Annual report pursuant to Section 13 and 15(d)

Description of business, organization and other matters

Description of business, organization and other matters
12 Months Ended
Dec. 31, 2011
Organization, Consolidation and Presentation Of Financial Statements [Abstract]  
Business Description and Basis of Presentation [Text Block]
Note 1 Description of business, organization and other matters
Description of Business                                                       
Data Storage Corporation (DSC), a cloud storage and cloud computing organization focused on disaster recovery and business continuity is the result of several transactions: a share exchange with Euro Trend Inc. incorporated on March 27, 2007 under the laws of the State of Nevada; ownership of Data Storage Corporation incorporated in 2001; and an Asset Acquisition of SafeData in 2010.

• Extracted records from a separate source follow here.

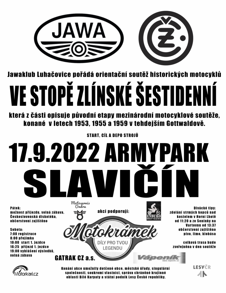 Jawaklub Luhačovice pořádá orientační soutěž historických motocyklů Ve stopě zlínské šestidenní, která z části opisuje původní trasy mezinárodní motocyklové soutěže. Start, cíl a depo strojů 17.9.2022 v Armyparku Slavičín.
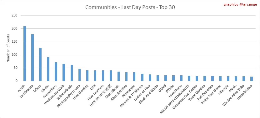 These graphs show the most active communities by number of posts (blockchain lifetime and last day).
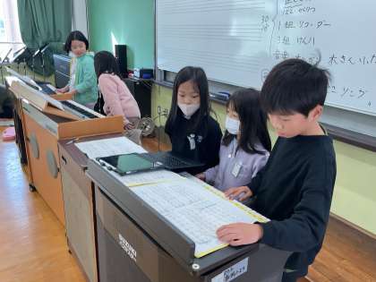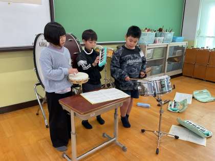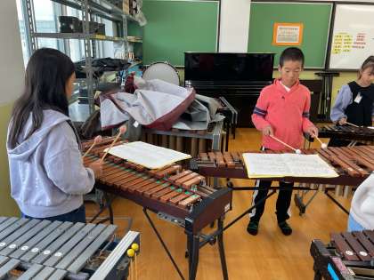 ミュージックフェスティバルに向けて、合奏の練習に頑張って取り組んでいます。木琴やバスオルガン、小太鼓などの楽器も、どんな音・リズムなのか試してみました。まだまだ練習は始まったばかりです。ミュージックフェスティバルへの取り組みを通して、みんなで音を合わせる楽しさを感じられたら嬉しいです。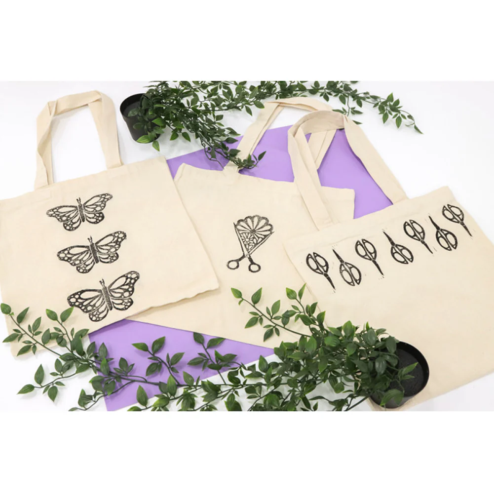 Fabric Block Printing Kit! Perfect for someone who wants to explore printmaking on fabric, the contents of this kit allow you to begin creating your own patterns and designs on fabric, shirts, tote bags, and more. Included are two Speedball Speedy-Carve blocks (one 3 inches by 4 inches and one 4 inches by 6 inches), a six-piece carving tool set, a soft rubber brayer, a combination inking plate and bench hook, black and white printing ink, transparent ink extender, brush cleaning soap, a blank tote bag, and an instructional booklet to help you get started! Expand your kit with additional colors of printing ink, and consider using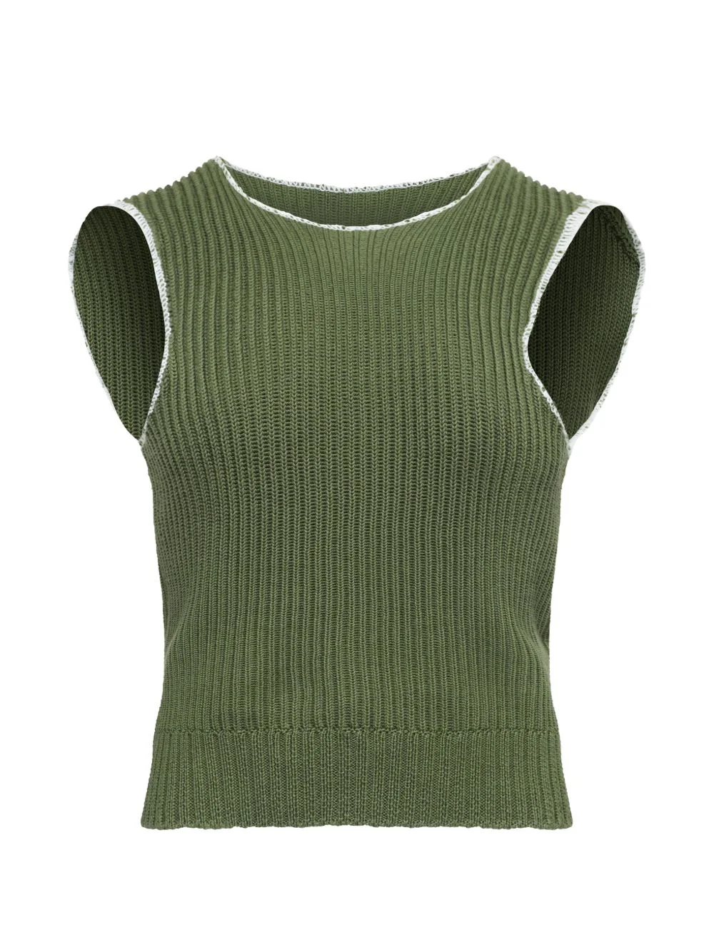 ribbed stitch sleeveless tank top Highlights - Olive green - Ribbed knit - Contrast edging - Rear numeric label - Sleeveless - Round neck Made in Italy Composition Cotton 100% Washing instructions Read Manufacturer Guidelines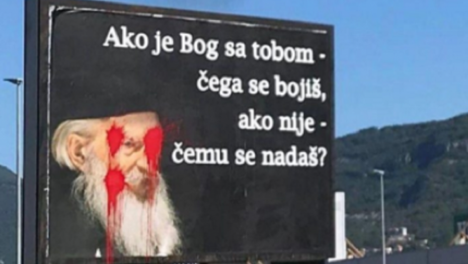 Komitska rulja u vandalskom naletu oskrnavila bilbord sa likom patrijarha Pavla (FOTO)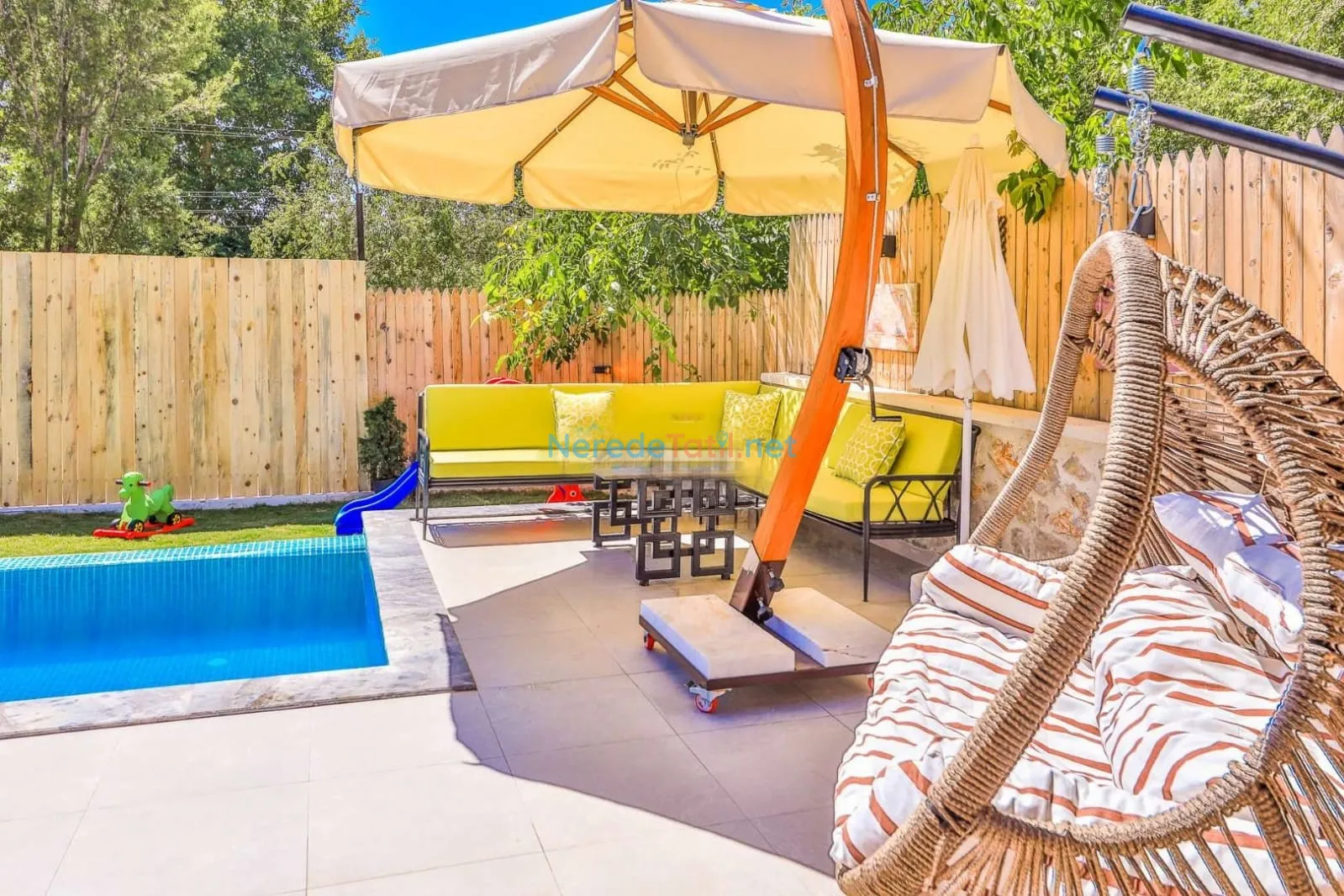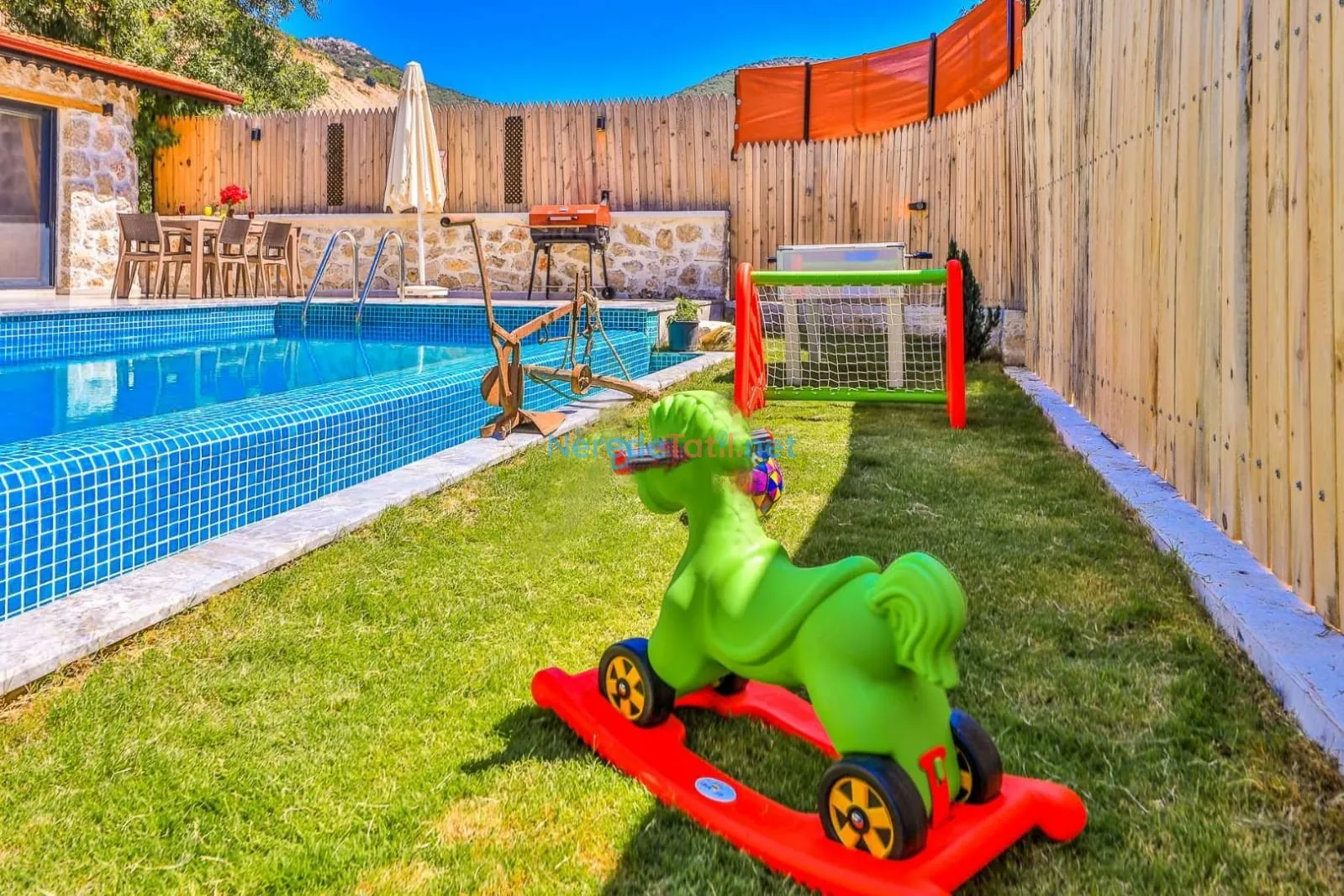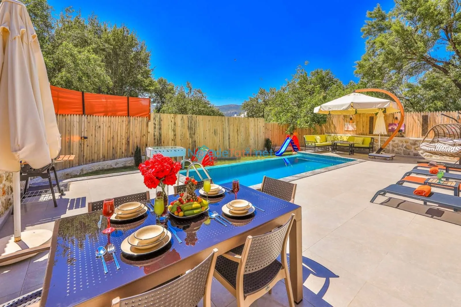 Hamam ve oyun alanı gibi ek olanaklarla zenginleştirilmiş olan villa, langırt gibi eğlenceli aktiviteler sunarak tatilinizi daha keyifli hale getiriyor. Ayrıca, bahçeli ortamı ve otopark imkanı ile size ve sevdiklerinize konforlu bir konaklama deneyimi vaat ediyor.

On October 20, 2008 we completed a Share Exchange Agreement whereby we acquired all of the outstanding capital stock and ownership interests of DSC. In exchange we issued 13,357,143 shares of our common stock to the Data Storage Corporations Shareholders.  This transaction was accounted for as a reverse merger for accounting purposes. Accordingly, Data Storage Corporation, the accounting acquirer, is regarded as the predecessor entity.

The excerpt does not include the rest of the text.